▸ WHAT YOU ARE ASKED TO DO: Could you print the stretch of lines below from the one with "Az Apponyi-mintás étkezés, amivel" through the one with "در برابر تندروی", exactly as they stand and without any pictures?
DATASET ENTRIES section start
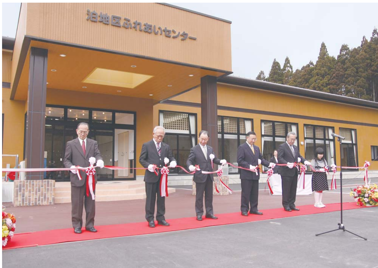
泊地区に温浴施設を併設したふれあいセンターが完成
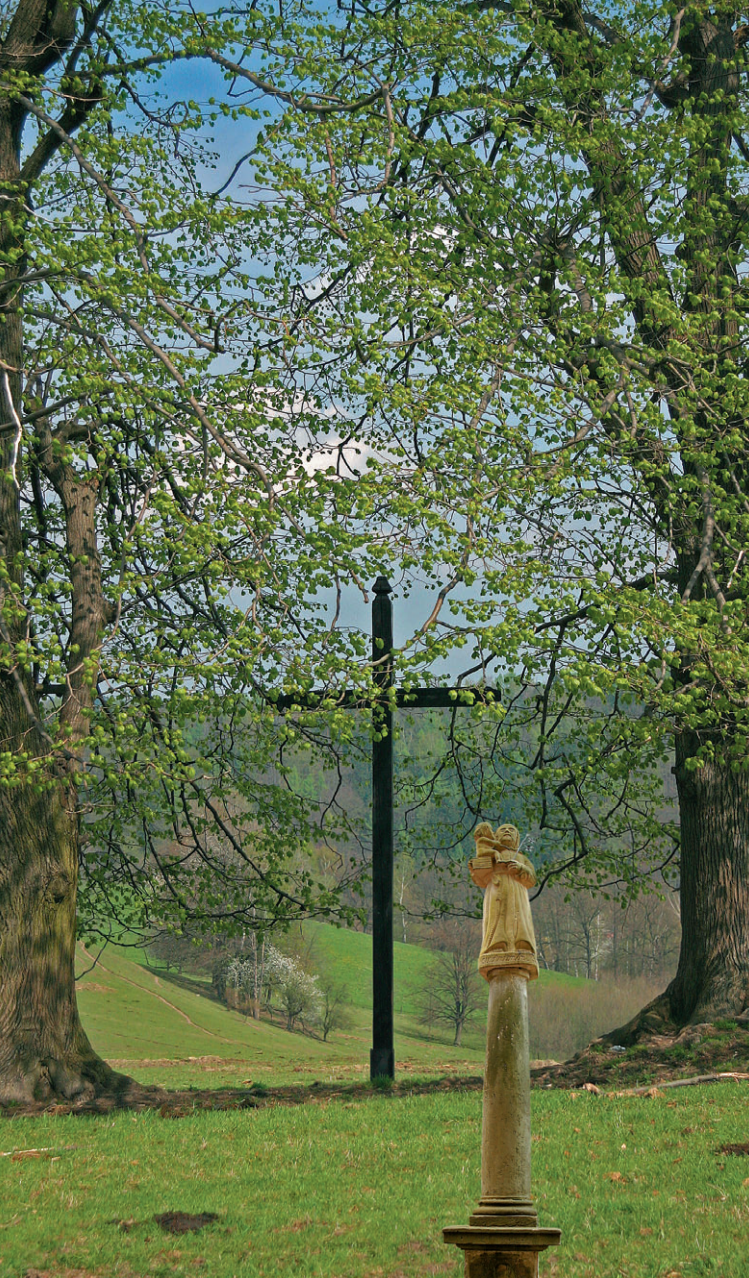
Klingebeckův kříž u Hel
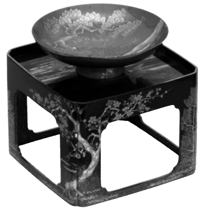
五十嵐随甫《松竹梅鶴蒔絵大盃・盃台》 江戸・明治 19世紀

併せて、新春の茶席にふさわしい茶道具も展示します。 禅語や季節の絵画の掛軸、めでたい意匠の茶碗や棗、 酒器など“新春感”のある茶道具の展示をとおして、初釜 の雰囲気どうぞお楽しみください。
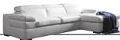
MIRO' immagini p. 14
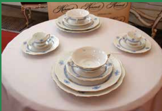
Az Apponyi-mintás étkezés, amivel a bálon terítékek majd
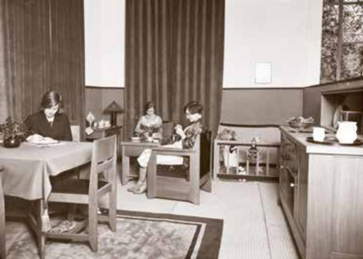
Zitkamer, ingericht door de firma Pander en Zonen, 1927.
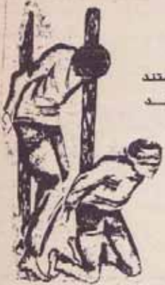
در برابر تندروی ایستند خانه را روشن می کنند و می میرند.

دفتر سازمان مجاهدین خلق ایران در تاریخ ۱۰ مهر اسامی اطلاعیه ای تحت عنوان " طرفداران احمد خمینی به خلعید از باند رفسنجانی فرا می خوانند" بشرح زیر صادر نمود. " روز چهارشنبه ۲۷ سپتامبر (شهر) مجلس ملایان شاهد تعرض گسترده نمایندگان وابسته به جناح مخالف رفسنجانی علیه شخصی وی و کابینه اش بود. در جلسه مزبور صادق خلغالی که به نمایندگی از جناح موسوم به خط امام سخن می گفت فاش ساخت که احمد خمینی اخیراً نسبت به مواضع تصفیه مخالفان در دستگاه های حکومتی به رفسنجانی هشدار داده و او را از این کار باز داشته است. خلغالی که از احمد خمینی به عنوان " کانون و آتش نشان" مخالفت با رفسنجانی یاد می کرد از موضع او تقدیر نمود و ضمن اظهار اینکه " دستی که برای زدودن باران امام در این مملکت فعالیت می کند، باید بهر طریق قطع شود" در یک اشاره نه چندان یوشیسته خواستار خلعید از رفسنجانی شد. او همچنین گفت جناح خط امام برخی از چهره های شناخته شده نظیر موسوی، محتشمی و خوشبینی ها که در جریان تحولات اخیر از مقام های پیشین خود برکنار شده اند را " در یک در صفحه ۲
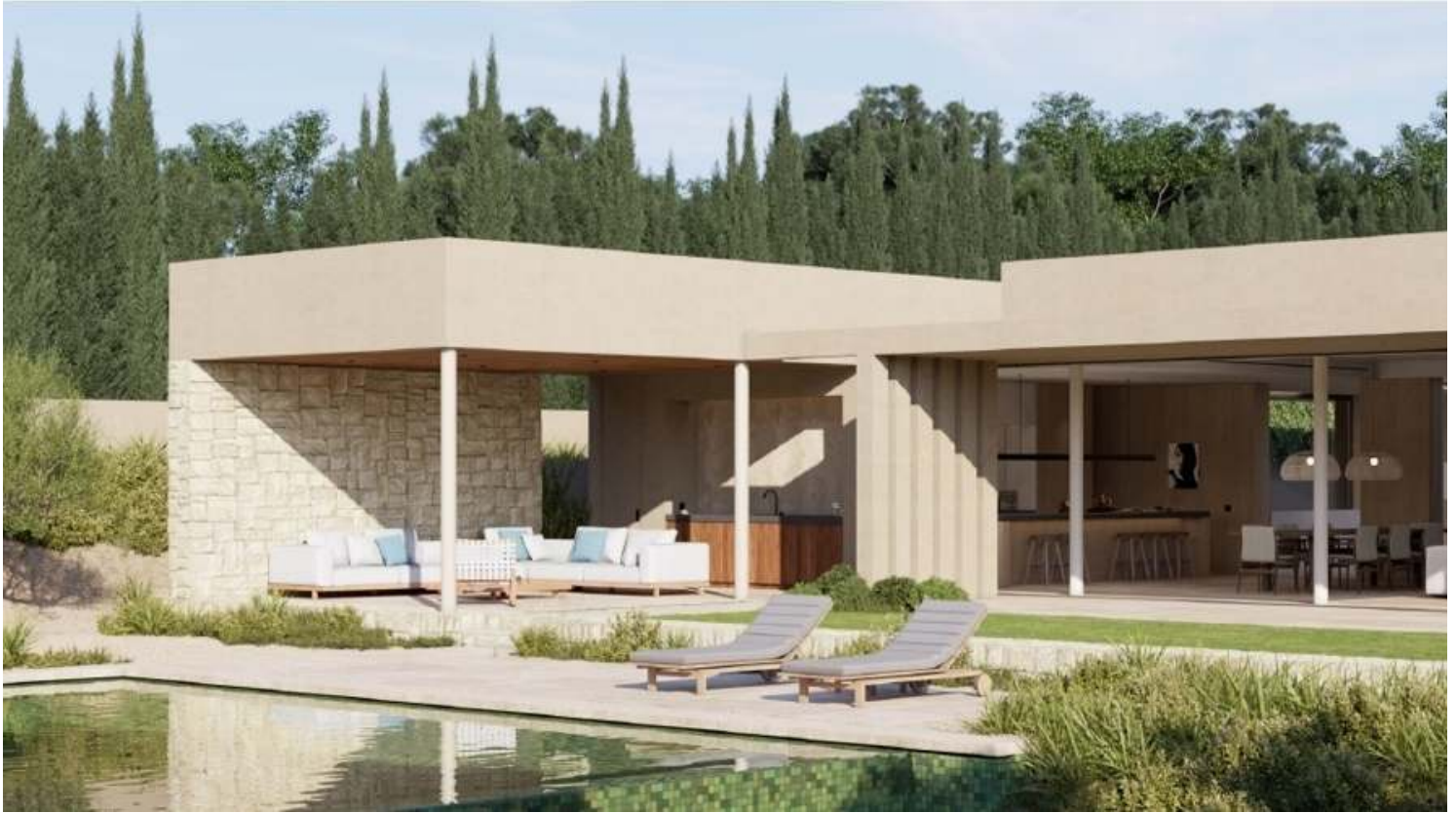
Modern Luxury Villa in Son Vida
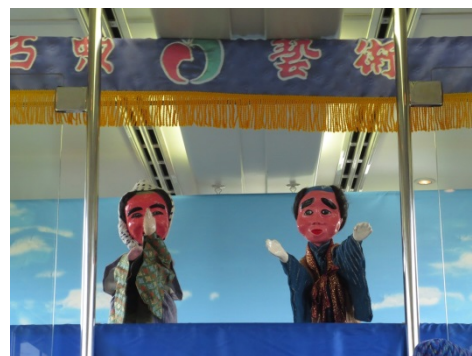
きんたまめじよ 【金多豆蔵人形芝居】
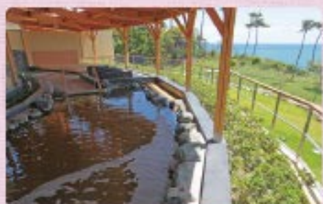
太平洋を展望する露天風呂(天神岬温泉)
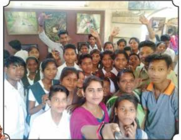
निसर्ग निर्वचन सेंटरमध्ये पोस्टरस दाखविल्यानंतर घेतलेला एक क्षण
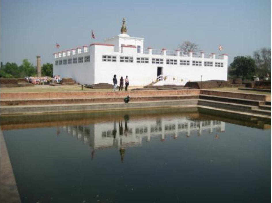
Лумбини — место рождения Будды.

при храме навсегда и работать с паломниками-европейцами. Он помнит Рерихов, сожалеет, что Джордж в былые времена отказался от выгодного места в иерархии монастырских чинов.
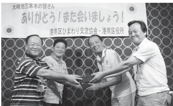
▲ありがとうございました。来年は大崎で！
DATASET ENTRIES section end
▸ RESPONSE TO THE TASK:
Az Apponyi-mintás étkezés, amivel a bálon terítékek majd
Zitkamer, ingericht door de firma Pander en Zonen, 1927.
در برابر تندروی ایستند خانه را روشن می کنند و می میرند.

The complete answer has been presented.